Editor’s Note: Sly and the Family Stone released their fifth studio album on this day 50 years ago. Read Okla Jones’ retrospective essay below, and take a deeper dive into the album with our podcast The Opus: There’s a Riot Goin’ On.
When There’s a Riot Goin’ On was released in 1971 — exactly 50 years ago today, November 1st — America was a nation in transition, feeling the effects of the previous decade. The shadow of Dr. King’s assassination loomed over the black community; and the Vietnam War divided an entire country. What Sly and the Family Stone’s fifth album did was give a voice to a new generation yearning to be heard.
The revolution, as it was referred to by some, was when the hip, twenty-somethings of the world experienced an awakening, so to speak, and pushed the limits of sex, drugs, and entertainment. Sly Stone, who was then still a young adult, was the perfect embodiment of this era. During the infancy stages of There’s a Riot Goin’ On, Sly recorded most of the album alone, heavily under the influence of narcotics.
After Sly and the Family Stone’s legendary Woodstock performance in 1969, there was a change within the group. Differences between Sly and other members — especially Larry Graham — created a rift in the group, but it also laid the foundation for their most important body of work. Sly’s everyday life may have been clouded by drug use, but the Black Panther movement of the late ’60s and early ’70s gave him a new awareness of the social climate that existed.
Before the release of this landmark project, Sly and the Family Stone were known for their poppy, upbeat psychedelic soul anthems. Sly, Freddie and Rose Stone, alongside Cynthia Robinson, Jerry Martini, Larry Graham and Greg Errico made magic as a collective, but it was time for a change. There’s a Riot Goin’ On was a departure from the band’s original sound, and it contained much darker concepts than previous efforts. Sly’s hollowed out and heavily overdubbed vocals, and the ominous drum patterns over an experimental funk melody, created a body of work that would forever impact the craft of musicianship.

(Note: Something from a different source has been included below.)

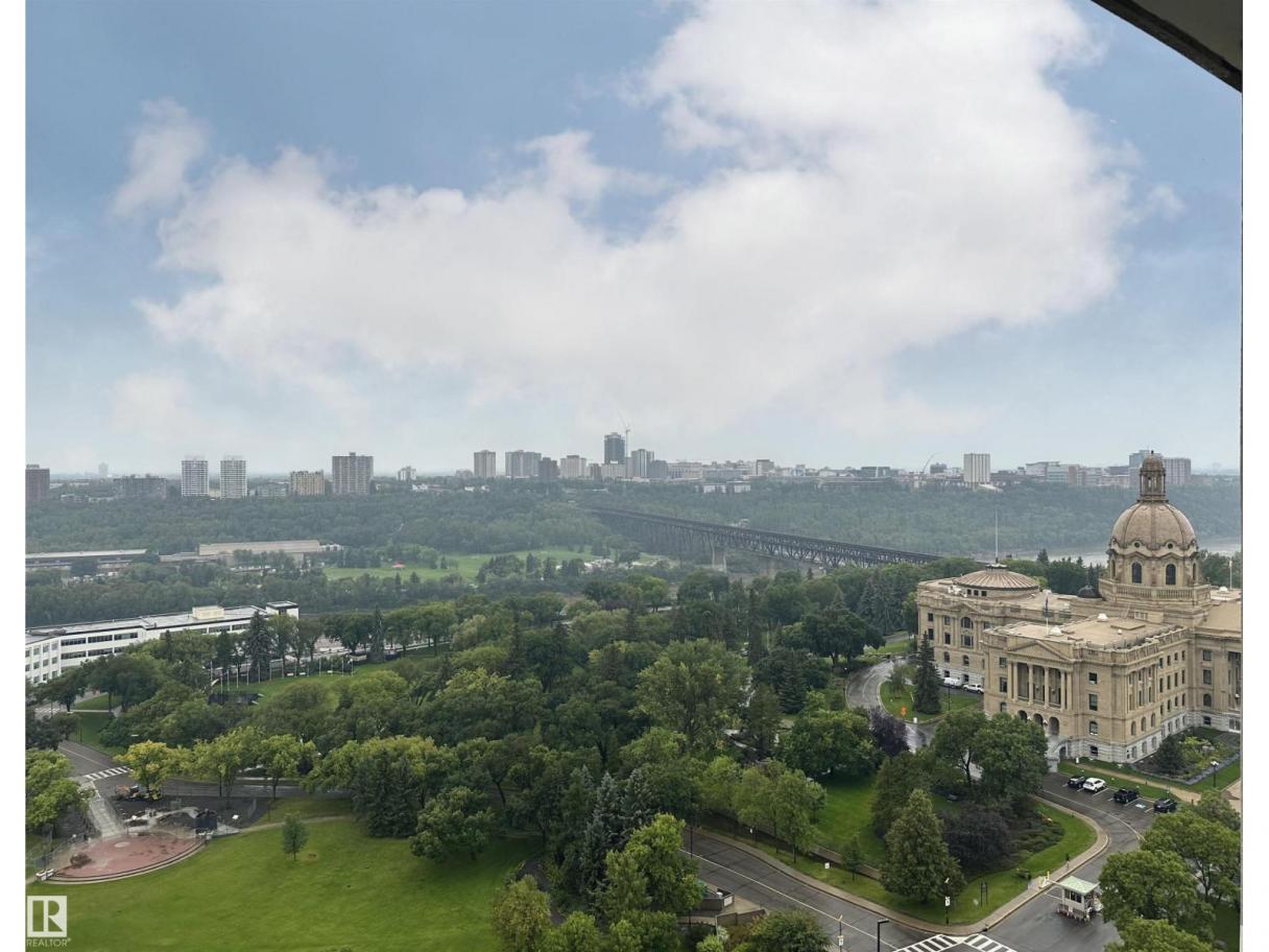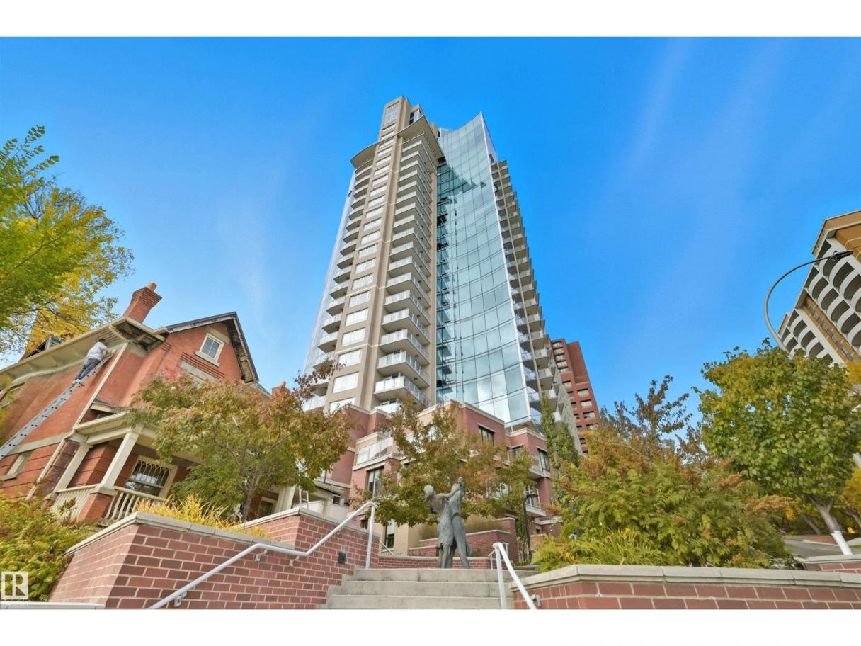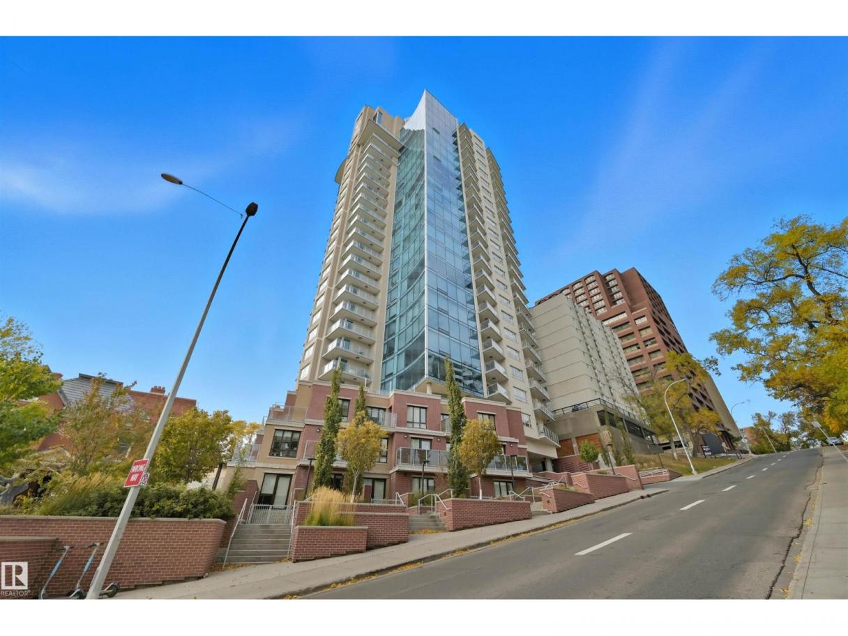DOWNTOWN VIEWS from this gorgeous 1-bedroom unit in a prime location! Quick access to downtown core, but with a location nestled up to the Legislature and River Valley. Welcome to Symphony Tower! 20TH FLOOR UNIT boasts an open concept. Kitchen has a large island, plenty of cabinetry and gas stove. Living room offers downtown and east river valley views! Primary bedroom has a sizeable walk-in closet with brand new custom built-ins and ensuite w/ granite and tile surround. Well-sized balcony to enjoy downtown and river valley views! Added features include INSUITE LAUNDRY, window coverings & balcony gas line! Enjoy the convenience and safety of UNDERGROUND PARKING with CAGE. This building has it all: River Valley & Downtown location w/ secured & direct access to AB Legislature grounds, immaculate gym, contemporary social room w/ balcony access & sun-filled, atrium-like lobby. (id:6769)

Recorded at Sly Stone’s home in Bel Air and at The Record Plant in Sausalito, There’s a Riot Goin’ On is a collection of thoughts and emotions from a man in self-imposed isolation. Often, the album’s eerie tones create a visual of Sly’s point of view. His affiliation with the Black Panthers made him disgusted at the current state of the world, and the battle within the group he worked so hard to build was taking its toll. At a point where drugs may have had a grip on Sly’s soul, he never sounded more creatively unrestricted.
The album opens with “Luv N’ Haight,” a song filled with distorted guitar riffs, symbolic of the drug induced bubble of Sly’s existence. The track includes lyrics such as, “Feel so good inside myself, don’t need to move/ As I grow up, I’m growing down/ And when I’m lost, I know I will be found.” His journey was one of uncertainty, both in life and in his career.
“Family Affair,” the album’s lead single, was anything but what the title implies. Sly’s addiction was breaking the group apart, and the song spoke to his experiences with the Family Stone, as well the environment around him. What is ironic about this song, then — which eventually reached No. 1 on the Billboard 100 — is that his family was barely involved at all. It was rumored that he played all the instruments on “Family Affair” by himself, and commissioned artists such as Bobby Womack, Bill Preston, and Ike Turner, rather than his bandmates, to lend a hand throughout the album.
Tracks such as “Time,” and “Spaced Cowboy,” were the true core of the LP. On “Time,” the lyrics speak about how much of it is wasted, and its fleeting nature. “Spaced Cowboy,” meanwhile, is just a day in the life of Sly, but it is also a representation of his creative genius.
It has been said that There’s a Riot Goin’ On was a direct response, even an addition, to Marvin Gaye’s magnum opus, What’s Goin’ On. The album mirrored the struggles of life, and it gave listeners a unique feeling that was much needed.